**Problem to work on**
The required answer is an exact copy of the lines from the one containing "7 .注释 分析树 : 结点" to the end of the listing, both included, without any pictures.

**Information supplied**

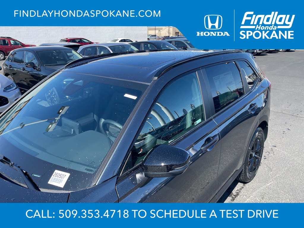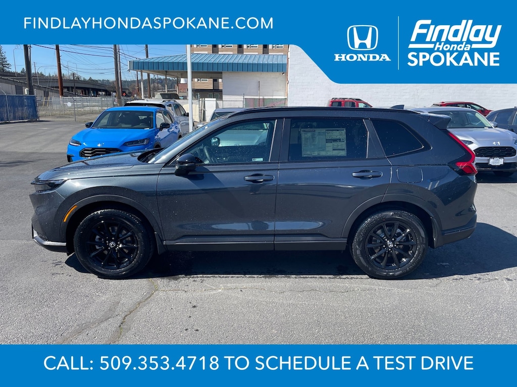 Friends, family, and neighbors have chosen us time and time again to be their dealer. Our simple and easy process, market aggressive pricing, and friendly knowledgeable staff are all reasons why. Come see for yourself why we are the top rated dealer in Spokane. Our process is designed to be easy, give you choices, and save you time. Our pressure free buying process allows you to see the quote you want. We give every customer multiple different monthly payments and down payments all on one sheet, so you can choose the one that best fits your budget. Come see how easy it is to purchase a car, truck, SUV from Findlay Honda Spokane. This Honda CR-V Hybrid is equipped with these features: 4-Wheel Disc Brakes, 8 Speakers, ABS brakes, Adaptive Cruise Control: Adaptive Cruise Control (ACC) with Low-Speed Follow, Air Conditioning, Alloy wheels, AM/FM radio, Apple CarPlay/Android Auto, Auto High-beam Headlights, Auto-dimming Rear-View mirror, Automatic temperature control, Blind Spot Information (BSI) System warning, Brake assist, Bumpers: body-color, Compass, Delay-off headlights, Driver door bin, Driver vanity mirror, Dual front impact airbags, Dual front side impact airbags, Electronic Stability Control, Exterior Parking Camera Rear, Four wheel independent suspension, Front anti-roll bar, Front Bucket Seats, Front Center Armrest, Front dual zone A/C, Front reading lights, Fully automatic headlights, Heated door mirrors, Heated Front Bucket Seats, Heated front seats, Illuminated entry, Knee airbag, Leather Seat Trim, Leather Shift Knob, Leather steering wheel, Low tire pressure warning, Memory seat, Occupant sensing airbag, Outside temperature display, Overhead airbag, Overhead console, Panic alarm, Passenger door bin, Passenger vanity mirror, Power door mirrors, Power driver seat, Power Liftgate, Power moonroof, Power passenger seat, Power steering, Power windows, Radio data system, Radio: 320-Watt AM/FM Audio System, Rear anti-roll bar, Rear reading lights, Rear seat center armrest, Rear side impact airbag, Rear window defroster, Rear window wiper, Remote keyless entry, Security system, Speed control, Speed-sensing steering, Speed-Sensitive Wipers, Split folding rear seat, Spoiler, Steering wheel mounted audio controls, Telescoping steering wheel, Tilt steering wheel, Traction control, Trip computer, Turn signal indicator mirrors, Variably intermittent wipers, and Wheels: 18" Berlina Black.
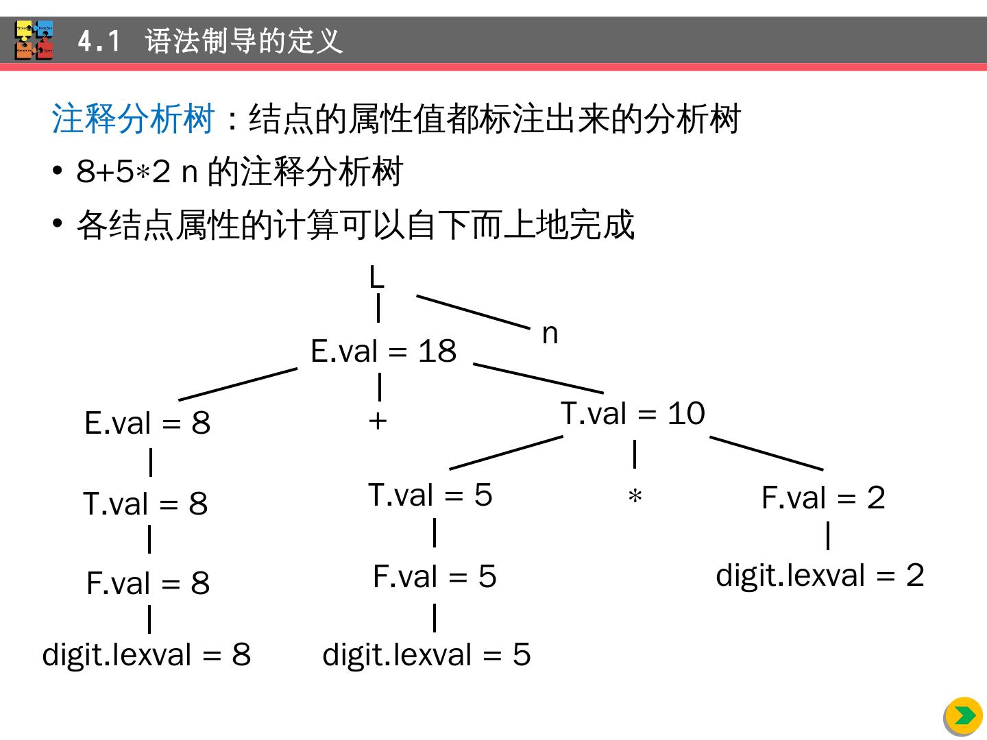 7 .注释 分析树 : 结点 的属性值都标注出来的分析树 8+5 2 n 的注释分析树 各 结点属性的计算可以自下而上地 完成 4.1 语法制导的定义 digit.lexval = 2 E.val = 18 T.val = 10 E.val = 8 T.val = 8 F.val = 8 digit.lexval = 8 T.val = 5 F.val = 5 F.val = 2 digit.lexval = 5 L n +
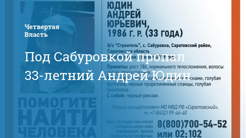 Если у кого-либо есть сведения о местонахождении Юдина, просьба позвонить по телефонам: 8 (800) 700-54-52 («Лиза Алерт») или в полицию 02 (с сотового 102).
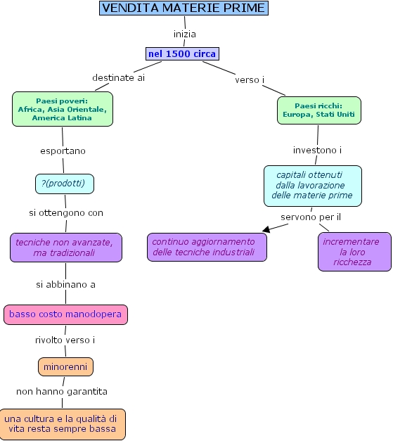 lisa finale, basso costo manodopera, ?(prodotti), tecniche non avanzate, ma tradizionali, paesi poveri africa, asia orientale, america latina, vendita materie prime, incrementare la loro ricchezza, capitali ottenuti dalla lavorazione delle materie prime, nel 1500 circa, paesi ricchi europa, stati uniti, una cultura e la qualit� di vita resta sempre bassa, continuo aggiornamento delle tecniche industriali , minorenni

**Solution for this task**
 7 .注释 分析树 : 结点 的属性值都标注出来的分析树 8+5 2 n 的注释分析树 各 结点属性的计算可以自下而上地 完成 4.1 语法制导的定义 digit.lexval = 2 E.val = 18 T.val = 10 E.val = 8 T.val = 8 F.val = 8 digit.lexval = 8 T.val = 5 F.val = 5 F.val = 2 digit.lexval = 5 L n +
 Если у кого-либо есть сведения о местонахождении Юдина, просьба позвонить по телефонам: 8 (800) 700-54-52 («Лиза Алерт») или в полицию 02 (с сотового 102).
 lisa finale, basso costo manodopera, ?(prodotti), tecniche non avanzate, ma tradizionali, paesi poveri africa, asia orientale, america latina, vendita materie prime, incrementare la loro ricchezza, capitali ottenuti dalla lavorazione delle materie prime, nel 1500 circa, paesi ricchi europa, stati uniti, una cultura e la qualit� di vita resta sempre bassa, continuo aggiornamento delle tecniche industriali , minorenni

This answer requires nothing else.